If I was skeptical I might think you were one of those arseholes from HPC just trolling away...hmm

another20 Mon 23-Oct-17 22:18:59

Whats trolly about my post? I have contributed and been amused by MN for over 16 years now! Long may it continue - eh!

JoJoSM2 Tue 24-Oct-17 06:26:01

It really isn’t just thousands of sellers across the capital putting stuff up for too much.
The market has just really turned over the last couple of years starting from the super prime prices and now down to pretty much everywhere.

Caroline147 Fri 27-Oct-17 22:43:12

The London market is still very area-dependent, so I wouldn’t assume sellers would be accepting less money than recently sold prices at all. For FTB properties in areas on the upswing, prices are still moving upwards from what I’ve seen locally near me (e.g. flat in my building sold for 300k eight months ago, and now another identical one has just sold at 310k with quick turnaround)- just moving upwards at a slower pace!

Think the best advice is maybe for him to find somewhere he can add value by doing work, check out similar properties via Zoopla before offering and get a fixed rate mortgage with a view towards staying in the property whilst the market is weird!

Mosaic123 Sat 28-Oct-17 01:16:51

I suggest he always finds out the length of lease remaining and the annual service charge before viewing.

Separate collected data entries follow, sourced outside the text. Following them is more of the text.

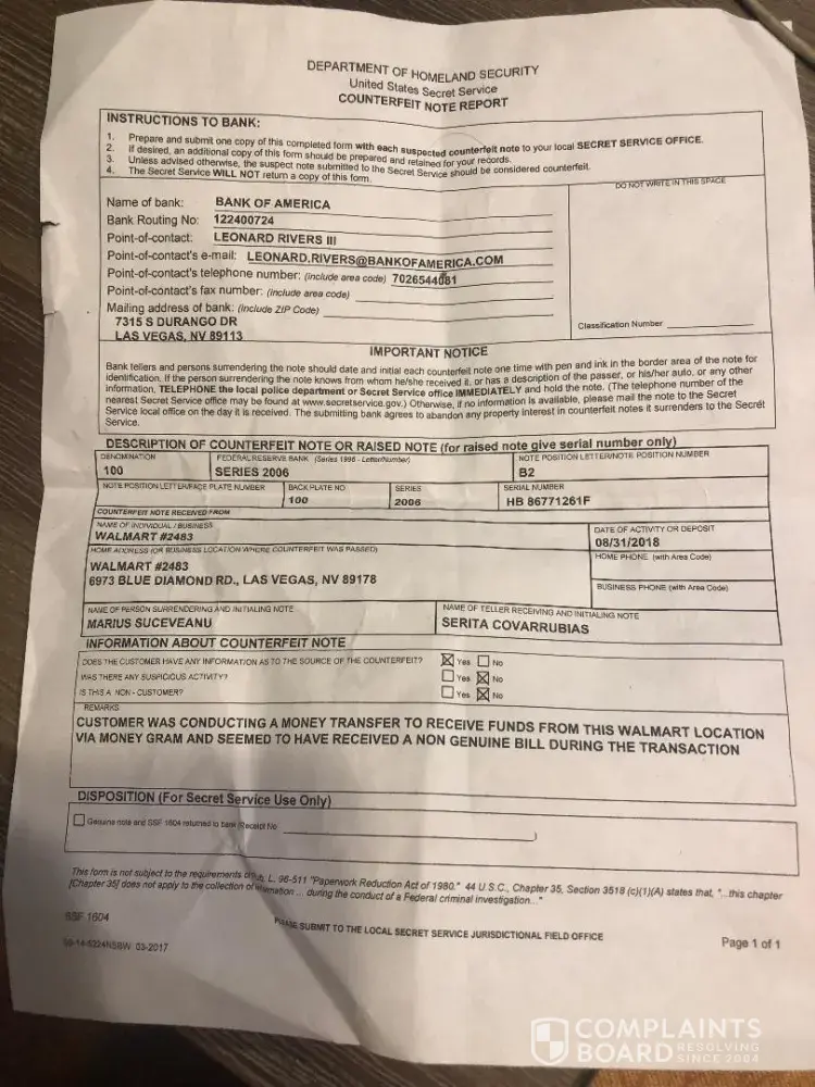 So I'm on my way back to the Walmart to try to talk with a teller or a manager about my problem. The time is around 4:40 PM. The teller in there, a different lady than the one who gave me the money she's looking at the paper and she's calling one of her manager. So JB, her manager is coming and I explain him what's going on. $3000 received on this location, 30 minutes ago, 1 of the bills handed to me is fake, this is the counterfeit note report from the bank, this is the photo of the bill that was fake. The manager starts to talk with me with "buddy", I'm addressing him sir. He's asking me if I believe a billion dollar company would give me $3000 in fake bills. I told him no, please read the paper, it clearly states that one bill was fake. He's telling me, his "buddy" again, that all the bills are ran through the machine and they can't give one that's fake. I doubt that, since the cashiers are not checking it under UV light or with a pen, but, anyways, I'm telling him to stop patronizing me because at this point I'm quit annoyed by his "buddy" and "bro" so I'm telling him I would like to talk with his supervisor. He's taking the note I received from the bank and walks away "to investigate". Upon arriving, he's asking me If I left the premises of the Walmart, and I'm telling him it's obvious since he's holding the note report from the bank. At this point he's telling me there is nothing he can do, so I'm asking to talk with his manager, to which he's replying me she's in vacation. I told him he should have a supervisor, he's telling me again she's in vacation.
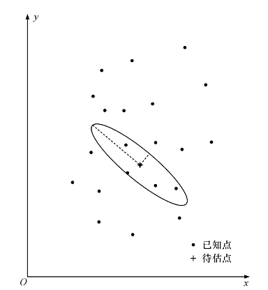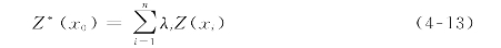 基于这两个要求,可以得到一个计算估计位置相邻样本权重的方程组。方程组的解是权重λi和预测方差。方程组由马瑟龙创建并阐述(Matheron,1963)。
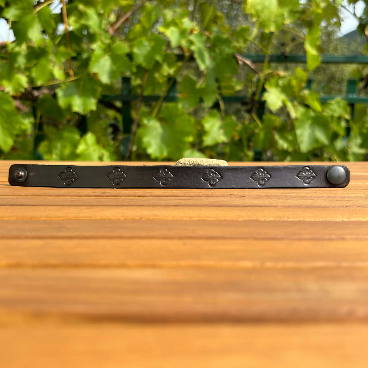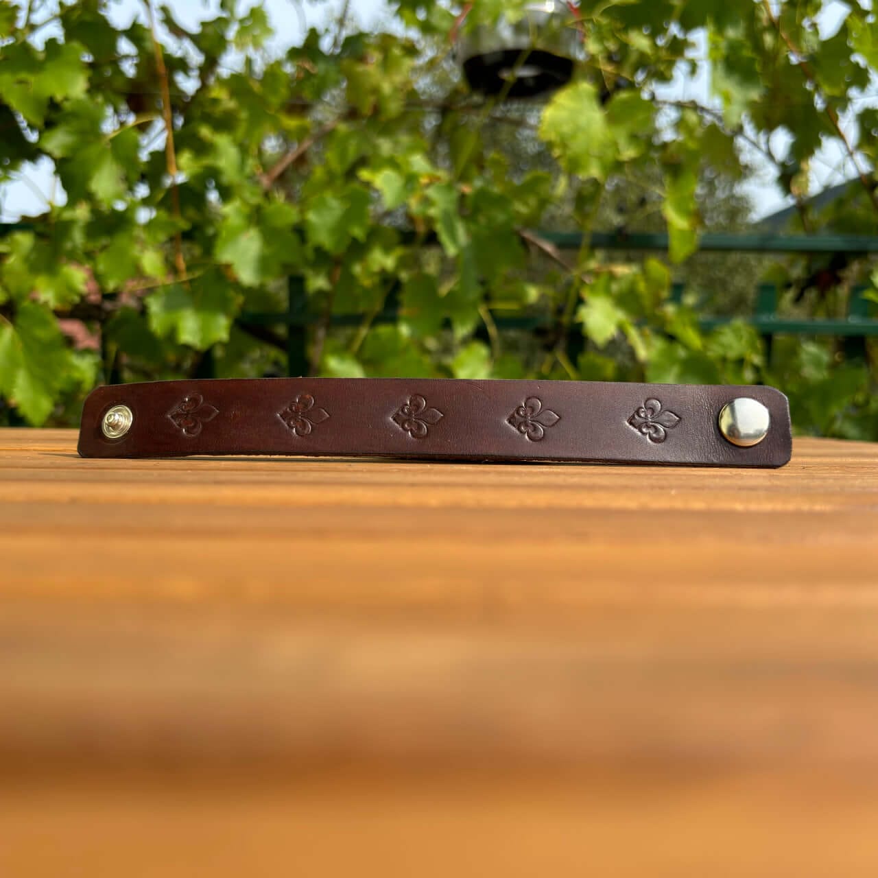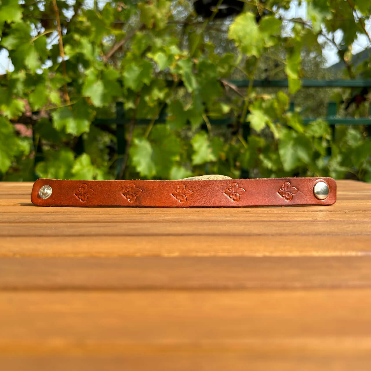 Zapestnica je izdelana iz prvovrstnega pravega usnja, ki zagotavlja trpežnost in udobje. Usnje s časom pridobi svojo edinstveno patino, kar prispeva k njenemu čaru in unikatnosti. Mehka, a robustna tekstura se lepo prilagodi vašemu zapestju in omogoča prijetno nošenje skozi ves dan.

There may be a reason, hidden in one or both of these, that a property has languished on the market or seems cheaper than other local properties or dearer.

another20 Sat 28-Oct-17 11:06:27

Thanks all - thats very helpful - lots to research and consider. I have noticed a few go under offer in the past week - so will keep an eye out for how much they finally sold for. Anyone know how soon this is logged on RM after completion - or if this info is available elsewhere earlier? Would an EA tell you (ie after exchange)?

BlueA4Paper Sat 28-Oct-17 15:07:59

Pretty sure that RM doesn't update actual sold price until it moves a property to the 'previous sold prices' search facility (or whatever it's called) - and that seems to take some months. I did not pay the list price for mine but RM did not update this when the property was marked as sold.

kirinm Sat 28-Oct-17 15:18:21

RM get the info from the Land Registry. It’s meant to be about 3 months but our sale price took nearly 6 months to reach RM.